"""
Loss functions for contrastive learning on logo embeddings.
"""

import torch
import torch.nn as nn
import torch.nn.functional as F
from typing import Optional


class InfoNCELoss(nn.Module):
    """
    Normalized Temperature-scaled Cross Entropy Loss (InfoNCE).

    This is the contrastive loss used in CLIP training. It maximizes
    similarity between embeddings of the same logo class while
    minimizing similarity to embeddings of different classes.

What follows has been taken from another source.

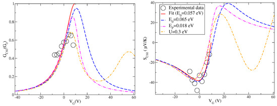 After the analysis of the effects of many-body interactions on the charge conductance and Seebeck coefficient, we can make a comparison with the experimental data available in [17] and shown in Figure 1. These data are plotted again in Figure 3 together with the fit discussed in Figure 1. We recall that for fullerene junctions the one-level model discussed in the previous section is characterized by the following parameters: eV, eV, and eV/V. We remark that the level energy used in the previous discussion is related to the energy and the gate voltage through Equation (19). Therefore, once the value of is fixed, one can switch from the energy to the gate voltage . Before introducing many-body effects, we consider a slight shift of the level position considering the case eV reported in Figure 3. This energy shift is introduced to counteract the shifts of the peaks (conductance) or zeroes (Seebeck) introduced by many-body interactions which, in addition, reduce the amplitudes of response functions. The aim of this paper is to provide an optimal description for both charge conductance G and Seebeck coefficient S.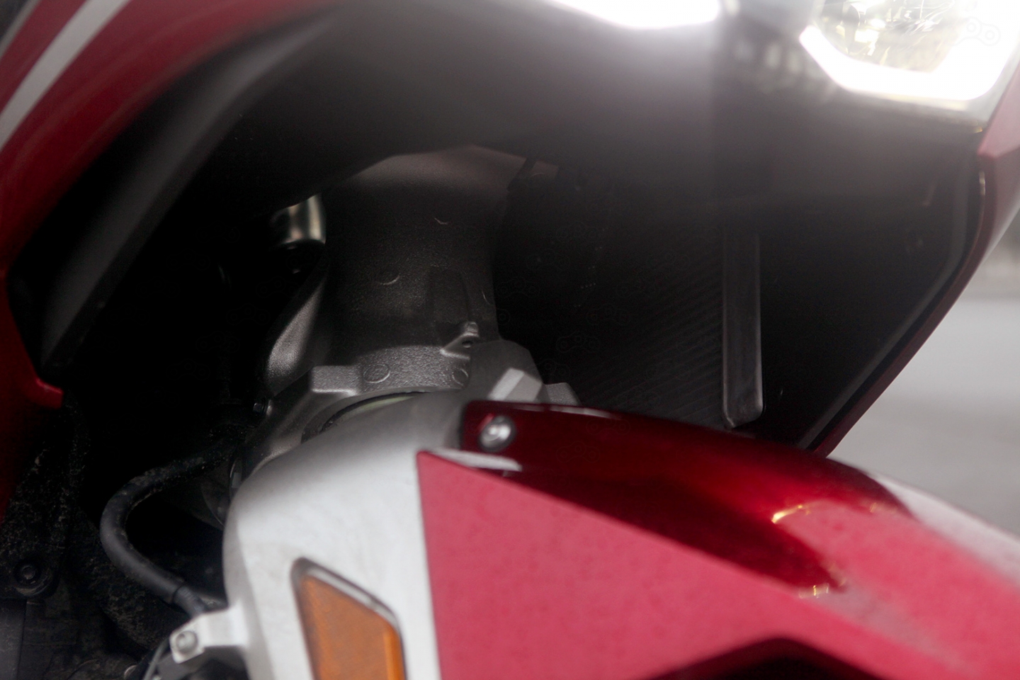 Ветровое стекло, наконец, получило электрорегулировку высоты, а вместо прорезанной форточки для вентиляции в жару – специальный выдвижной спойлер, направляющий поток воздуха на пилота. Выглядит он скромно, но работает на удивление исправно. И пусть само стекло стало меньше, ветрозащита осталась на высочайшем уровне, как и положено «Голдвингу».

    For a batch with N samples:
    - Each sample is an anchor
    - Positive pairs: samples with the same label
    - Negative pairs: samples with different labels

    The loss for each anchor is:
        -log(sum(exp(sim(anchor, pos)/temp)) / sum(exp(sim(anchor, all)/temp)))
    """

    def __init__(self, temperature: float = 0.07):
        """
        Initialize InfoNCE loss.

        Args:
            temperature: Scaling factor for similarities (0.05-0.1 typical).
                Lower temperature makes the distribution sharper.
        """
        super().__init__()
        self.temperature = temperature

    def forward(
        self,
        embeddings: torch.Tensor,
        labels: torch.Tensor,
    ) -> torch.Tensor:
        """
        Compute InfoNCE loss for a batch of embeddings.

        Args:
            embeddings: [N, D] L2-normalized embeddings
            labels: [N] integer logo class labels

        Returns:
            Scalar loss value
        """
        device = embeddings.device
        batch_size = embeddings.shape[0]

        if batch_size <= 1:
            return torch.tensor(0.0, device=device, requires_grad=True)

        # Compute similarity matrix [N, N]
        # Since embeddings are L2-normalized, dot product = cosine similarity
        similarity = embeddings @ embeddings.T / self.temperature

        # Create positive mask: same label = 1, different = 0
        labels_col = labels.unsqueeze(0)  # [1, N]
        labels_row = labels.unsqueeze(1)  # [N, 1]
        positive_mask = (labels_row == labels_col).float()  # [N, N]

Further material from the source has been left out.